Loyton would not be extracted until 19 October. By then Houndsworth was long over. Leaving their jeeps for Marsh’s crew, the A Squadron boys had hared off towards Orléans in a motley convoy of requisitioned civilian cars powered by gasogene. Using side roads they dodged through the German lines. ‘The first indication of Allied troops,’ Johnny Coop
er wrote, ‘was an American military policeman on point duty … the MP was dumbfounded and let us through.’6
At the airbase, the Houndsworth team found a squadron of USAF Liberators disgorging tons of flour for the people of Paris. Reg Seekings, the 9mm round still lodged in his neck, went off to see the base commander, who turned out to be a Texan weapons enthusiast. Seekings offered him a Bren-gun in return for places on the Liberators going back to the UK. The USAF-man said they could hitch a ride on the aircraft leaving the next morning.

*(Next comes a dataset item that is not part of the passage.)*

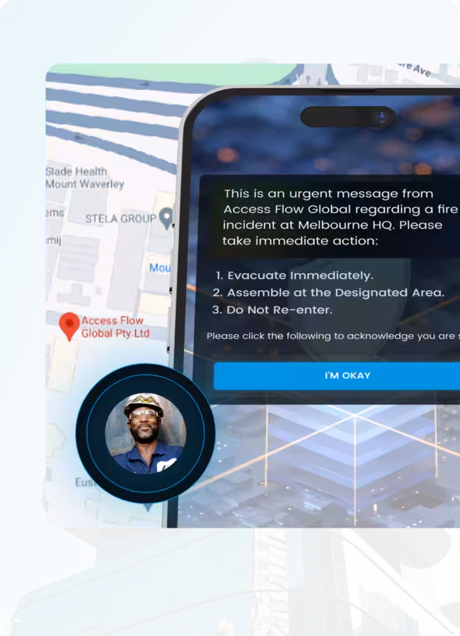 Monitor contractor movements within designated areas. Facilitate emergency messaging and real-time safety confirmations.

They took off through galleries of cloud and watched the sun strobing the French countryside beneath them. Ian Wellsted was shocked at the devastation he saw – villages bombed and shelled to rubble, the frames of wrecked aircraft amid patches of burnt sienna, reminding him of ‘moths that had singed their wings at a candle’s flame’.7 The battlefields of France gave way to the deep azure of the Channel, then to the cliffs of England – green meadows, dwarf cows, toy houses. ‘How beautiful it looked in the sun, and how peaceful,’ Wellsted wrote. ‘… It was good to be back in English skies.’8
59. ‘In the face of enemy machine-gun fire’
On the morning of 9 April 1945, Paddy Mayne’s signaller, David Danger, received an urgent wireless message. It came from Cpl. Eddie Ralphs, the man who had scragged nine Germans at Termoli with his Bren. Ralphs was pinned down in a ditch with other B Squadron men, and his OC, Major Dick Bond, had just been shot dead by a German sniper. ‘Paddy almost blew up,’ recalled Billy Hull, Royal Ulster Rifles, Mayne’s driver. ‘[He] just kept saying, “Poor Dick, poor Dick”.’1
They were crossing the flatlands of north Germany, wooded fens, criss-crossed with ditches and canals, that made tough going for their newly-armoured jeeps. Heading for the city of Oldenburg en route to the U-Boat docks at Wilhelmshaven, B and C Squadrons, 1 SAS, were pathfinding on the left flank of 4 Canadian Armoured Division, whose tanks were rumbling far behind. The SAS had taken over from an armoured recce squadron the previous day. For the German ops, they had left their SAS insignia behind. They were disguised in black berets with Royal Tank Regiment badges, and had even been issued with RTR paybooks. By now, the fate of the missing Bulbasket men was suspected, and the murder of the Garstin stick known from the survivors, Jones and Vaculik. The SAS knew what would happen to them if they were captured, and their identity revealed.